Da un anno direttore di "Avvenire", Marco Tarquinio analizza il panorama dell'informazione e sottolinea il ruolo del quotidiano cattolico a partire dal recente messaggio dell'Arcivescovo

di Pino NARDI Redazione

17 Novembre 2010

Qual è il contributo di Avvenire per formare una matura opinione pubblica nella comunità cristiana? «Indicare con chiarezza i punti nodali del dibattito in corso sui grandi temi del vivere insieme, qui e ora, e della preparazione del futuro. I cristiani sono cittadini responsabili ed esigenti: i valori fondativi – a cominciare dal rispetto assoluto e tenero per la vita umana e per la dignità di ogni persona – devono tradursi, per tutti, in comportamenti personali coerenti e rispecchiarsi, per chi ha responsabilità pubbliche, in condotte esemplari e in opzioni e progetti politici limpidi, lungimiranti e mai demagogici». Marco Tarquinio da un anno è alla guida di Avvenire. Il direttore raccoglie lo stimolo del cardinale Tettamanzi a riflettere sulla professione e sul ruolo del quotidiano dei cattolici in un panorama dell’informazione pieno di tanti veleni.

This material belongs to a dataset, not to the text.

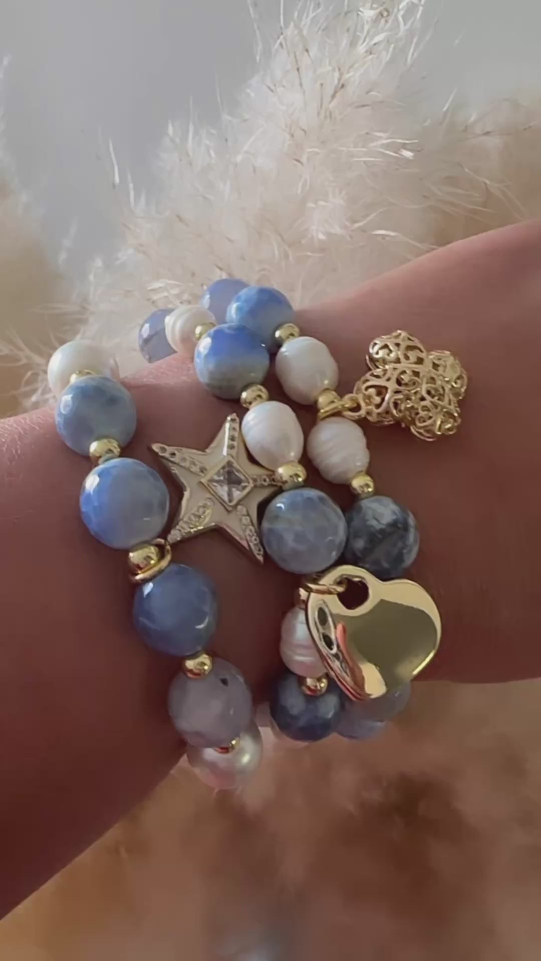 Enhance your style with the stunning Blue Agate and Freshwater Pearl Stack. This piece features three strands of freshwater pearls and blue agate stones, accented with a cross, star, and heart charm. The gold plated finish adds a touch of elegance. Elevate any outfit with this beautiful, versatile accessory.
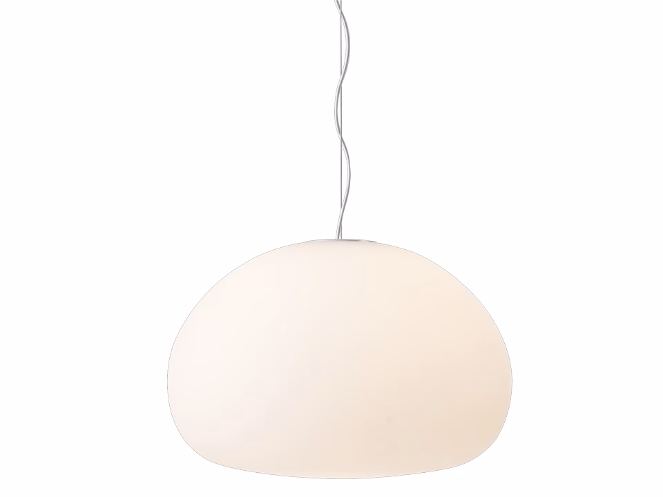 The pendant is inspired by a resting drop of water. The organic shape gives it a soft appearance which is enhanced by the frosted glass and the diffused light. The lamp can be hung alone or in clusters to create a dramatic effect.

Il Cardinale sottolinea il modo scorretto di fare informazione. Quanto si sta imbarbarendo il giornalismo?
Molto, troppo. E il dilagare di un’informazione superficiale e al curaro ne è una sconsolante conferma. Ma ci sono anticorpi e anche qualche esempio convincente di un’informazione orientata davvero al servizio dei lettori, cioè capace di rispettare la verità dei fatti e della vita delle persone. E c’è, forse, una ritrovata capacità di reazione della categoria: la recentissima sentenza unanime dell’Ordine dei giornalisti di sanzione delle falsità pubblicate da Vittorio Feltri contro Dino Boffo ne è segno.

«Opinione pubblica territorio da saccheggiare con un’azione irresponsabile di costrizione del consenso»: i poteri – politico ed economico – tendono a “narcotizzare” le coscienze?
È una tentazione potente e purtroppo anche una pratica ricorrente, soprattutto – ma non solo – in tv. La risposta di lettori, spettatori e ascoltatori deve essere più che mai il "saper scegliere": non tutti i giornali, i tg e i gr sono uguali… Avere testa, significa avere occhi. E saper uscire anche dalle abitudini di acquisto o di telecomando.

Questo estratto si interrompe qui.